**Task objective:**
What you return should be only the lines in the entries below between the one holding "헤지스 남성 네이비 버튼다운 린넨 반팔캐주얼셔츠 (WHSH5B502N2)" and the one holding "食品藥品監(jiān)管總局", ends included, with every picture left out.

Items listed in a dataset
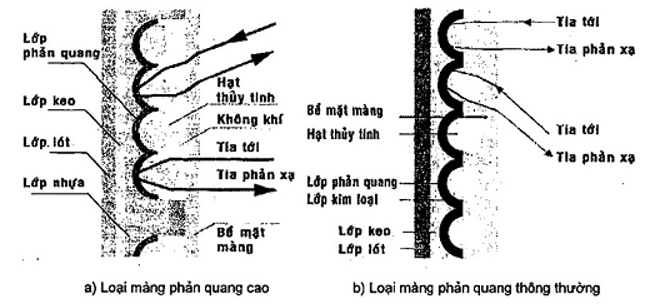 | Loại | Đặc tính phản quang | Cấu tạo hạt phản quang |
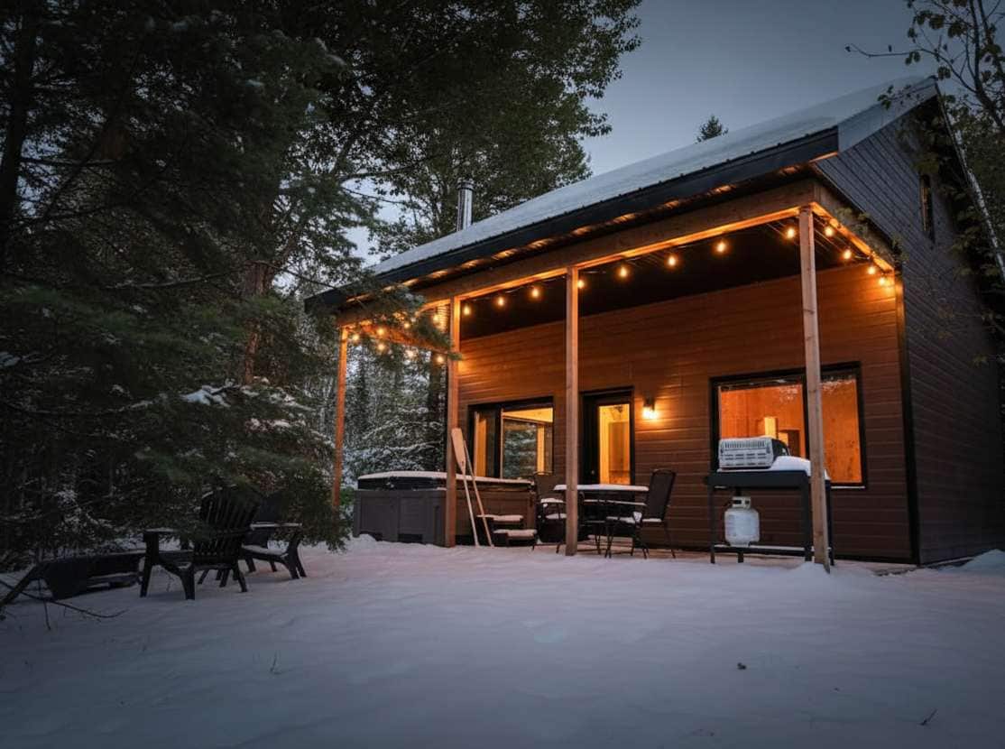 Indlu yeholidi eyakhiwe ngokhuni encane yase-Scandinavia yabantu ababili etholakala kahle ukuze bajabulele izindawo ezikhangayo zase-Charlevoix. Inesifunda esishisayo (ubhavu oshisayo, i-sauna, i-hammam) Isondelene kakhulu futhi maphakathi namahlathi, umbono ubheke umfula omkhulu nezintaba ngebanga. Yonke imishini yesimanje ikhona futhi ukunethezeka kuyi-A/C ngokuphelele kanye nendawo yomlilo yangaphandle. Umklamo womqondo ovulekile waklanyelwe okokuzithokozisa okucwebezelayo emvelweni: amafasitela amakhulu, i-shower ye-panoramic. Ukufinyelela ngomgwaqo wangasese ngo-500 m.
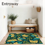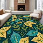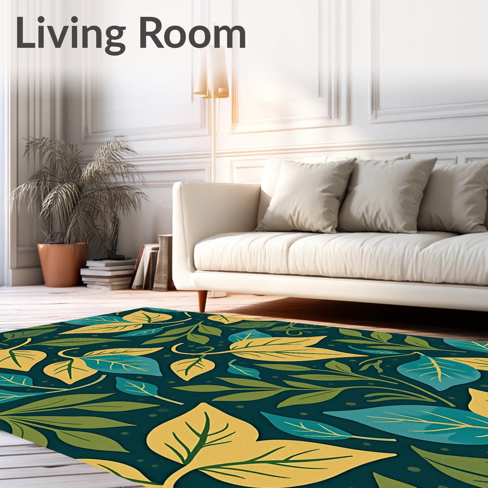 Ultra Soft Area Rug, Non Slip, Stain Resistant, Washable Area Rugs for Living Room, Bedroom, Abstract Jungle Foliage Motif with Interlocking Leaf Shapes(Yellow) Overview:
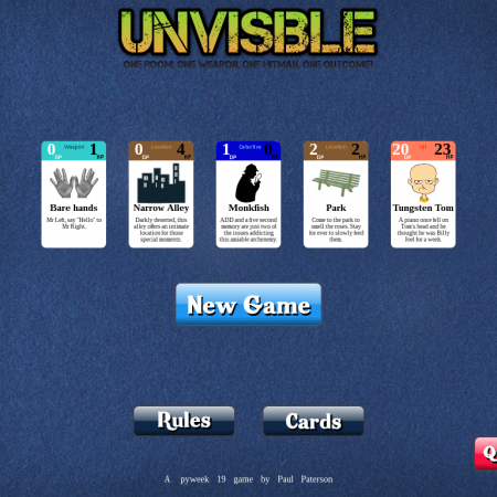 One room, one hit man, one target, one outcome?. A card game where you play a hit man, trying to complete a series of contract hits. |
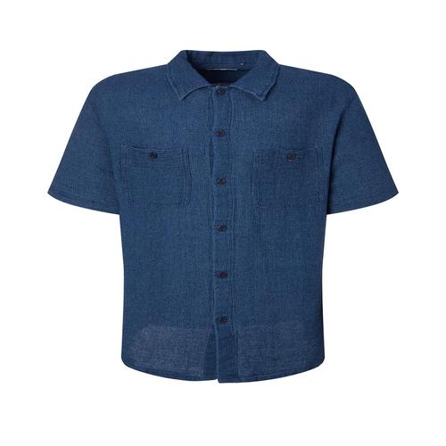 헤지스 남성 네이비 버튼다운 린넨 반팔캐주얼셔츠 (WHSH5B502N2)
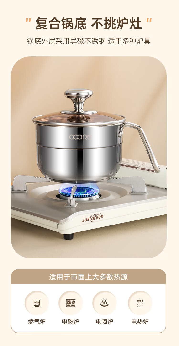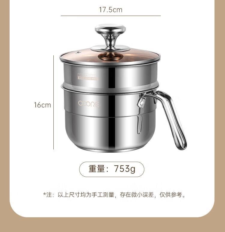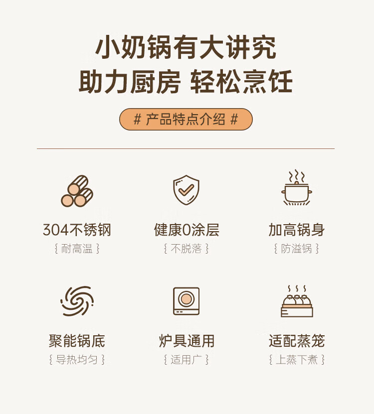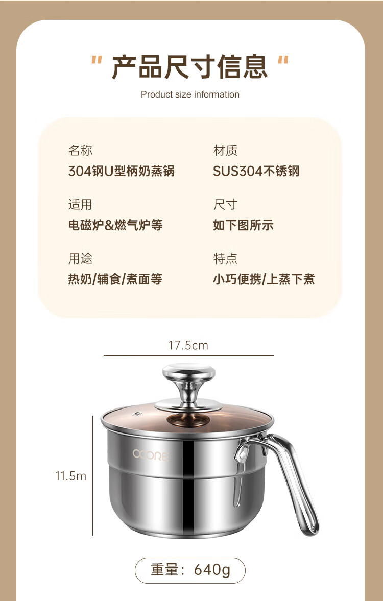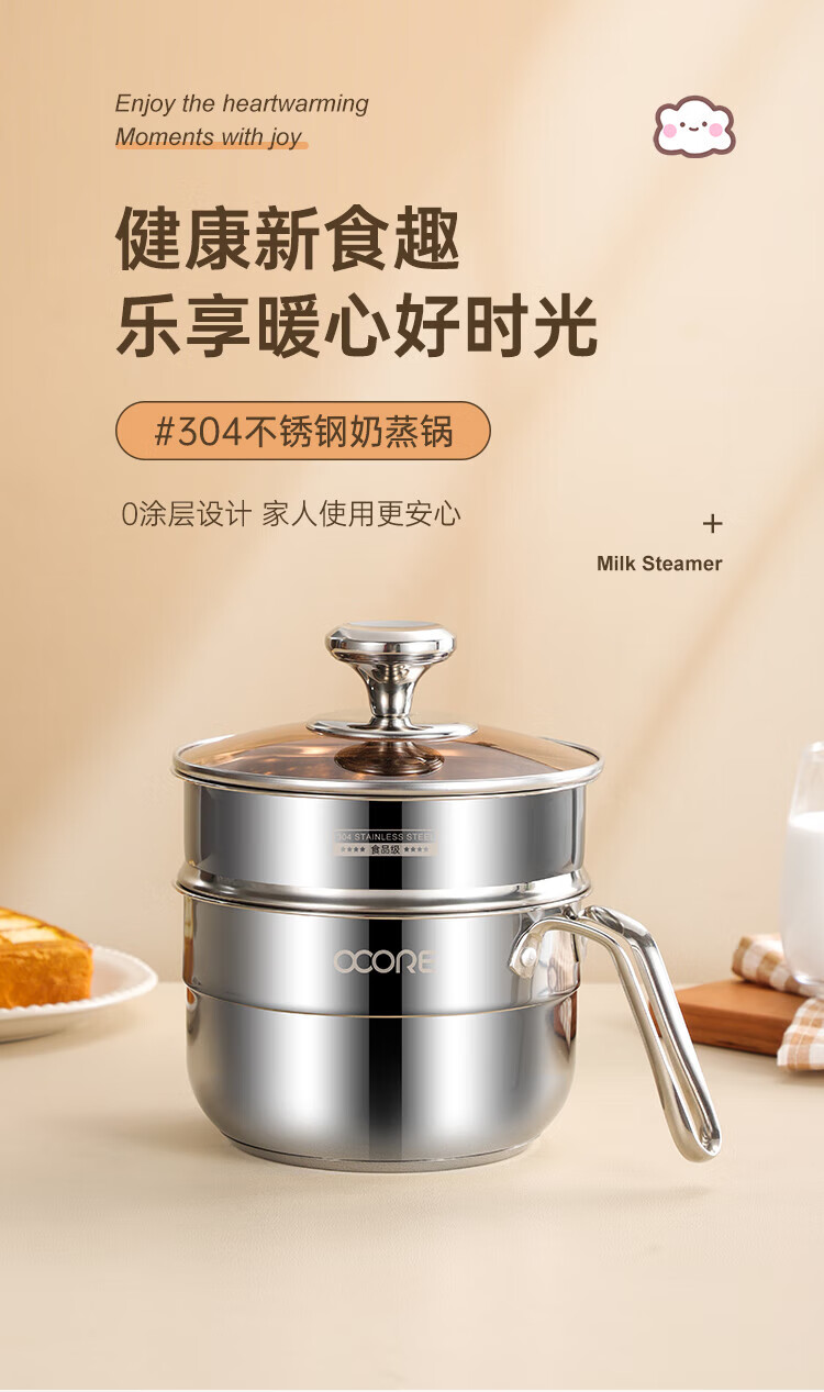 商品名称:(巨邦佑)BJ+物芯质造Smart 304钢U型柄奶蒸锅带蒸格16cm 一锅多用炉具通用
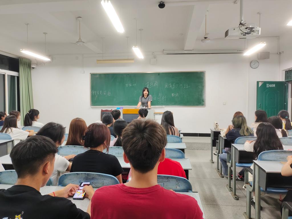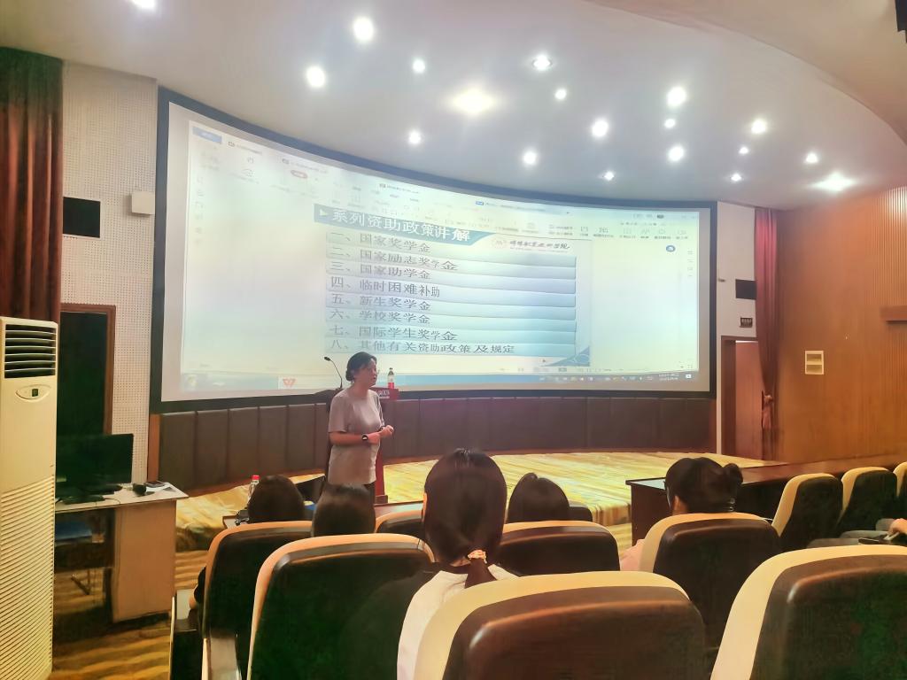 9月6日上午,员工党支部书记郑静为同学们讲解了学校奖学金与国家贫困补助金的申请、认定流程及党员发展流程。
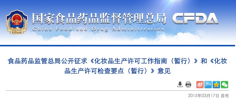 食品藥品監(jiān)管總局公開征求《化妝品生產(chǎn)許可工作指南(暫行)》和《化妝品生產(chǎn)許可檢查要點(暫行)》意見
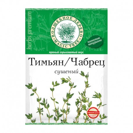Tymián (alebo čabréc) je aromatické korenie s teplou, mierne horkou chuťou a charakteristickou bylinkovou vôňou. Sušený tymián sa široko používa v kuchyni na dochutenie mäsových, rybích jedál, omáčok, polievok a príloh.
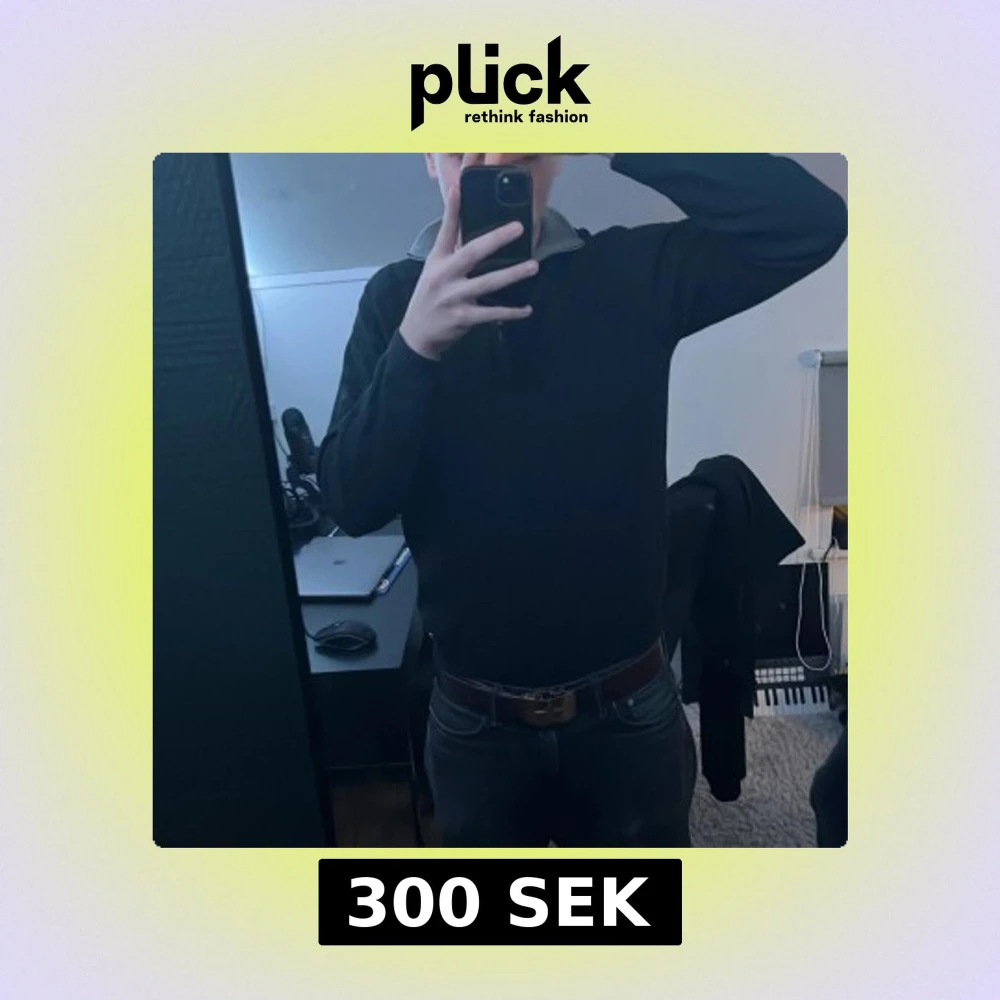 Säljer en stilren svart tröja från Hugo Boss med dragkedja vid halsen och en kontrasterande grå insida på kragen. 8/10 skick har ett ihopsytt hål på ryggen och ett litet hål på framsidan som nt syns väl. Kan gå ner i pris vid snabbt köp.
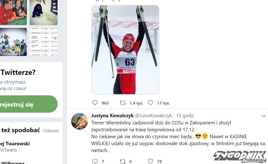 Justyna Kowalczyk na Twitterze pisze o braku naśnieżonych tras w Zakopanem
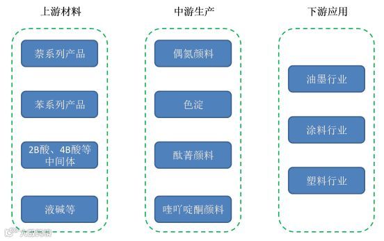 颜料行业上游原材料主要包括萘、苯系列产品、液碱等化工原料,下游应用行业主要为油墨、涂料和塑料行业。其中本项目产品主要是作为印刷油墨的核心原材料。
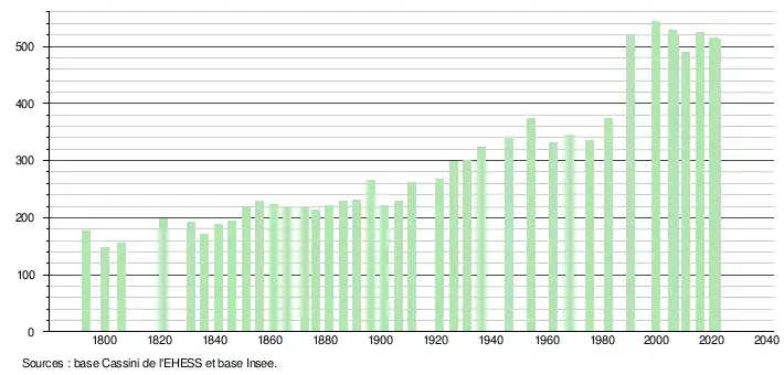 L'évolution du nombre d'habitants est connue à travers les recensements de la population effectués dans la commune depuis 1793. Pour les communes de moins de 10 000 habitants, une enquête de recensement portant sur toute la population est réalisée tous les cinq ans, les populations légales des années intermédiaires étant quant à elles estimées par interpolation ou extrapolation[26]. Pour la commune, le premier recensement exhaustif entrant dans le cadre du nouveau dispositif a été réalisé en 2005[27].
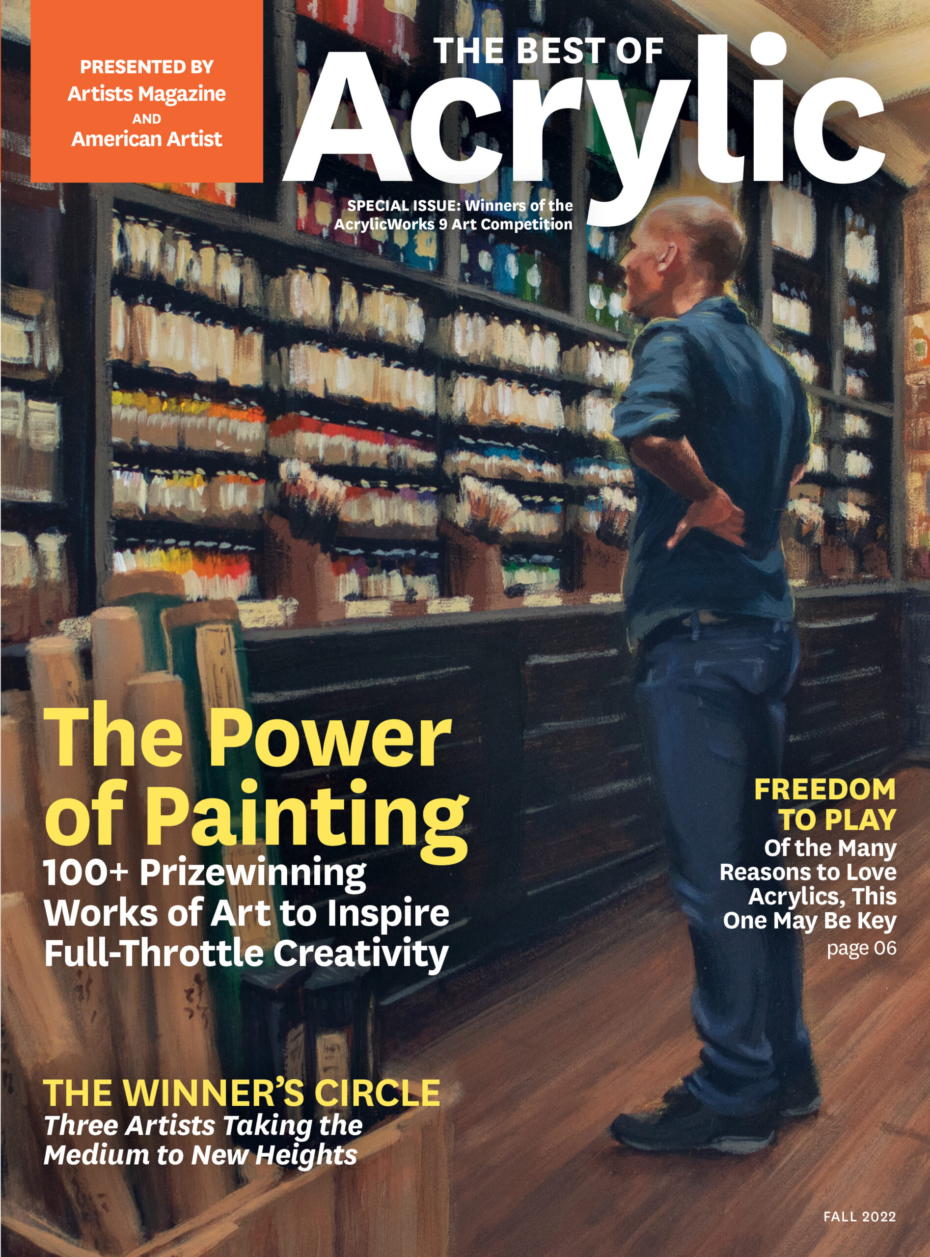 Join artists from around the globe as they share their love of acrylics in our AcrylicWorks 11: The Best of Acrylic competition. The Juror of Awards for our 11th year is fine artist Joseph Gyurcsak, who’ll select a First, Second and Third Place winner, along with 10 Honorable Mentions from at least 100 finalists. In addition to cash prizes for top award winners, all works of art will be featured in a special publication presented by Artist Magazine and American Artist.
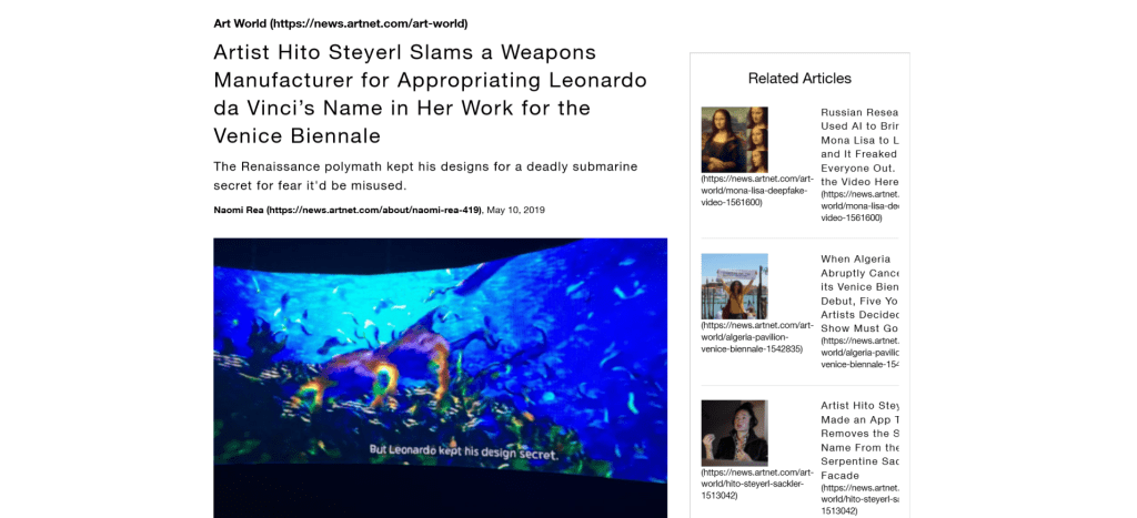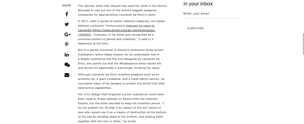 Hito Steyerl is one of the artists that I have researched into for my project. I actually saw some of her works when I went to the Venice Biennale back in November 2019.

**Solution to the problem:**
 헤지스 남성 네이비 버튼다운 린넨 반팔캐주얼셔츠 (WHSH5B502N2)
 商品名称:(巨邦佑)BJ+物芯质造Smart 304钢U型柄奶蒸锅带蒸格16cm 一锅多用炉具通用
 9月6日上午,员工党支部书记郑静为同学们讲解了学校奖学金与国家贫困补助金的申请、认定流程及党员发展流程。
 食品藥品監(jiān)管總局公開征求《化妝品生產(chǎn)許可工作指南(暫行)》和《化妝品生產(chǎn)許可檢查要點(暫行)》意見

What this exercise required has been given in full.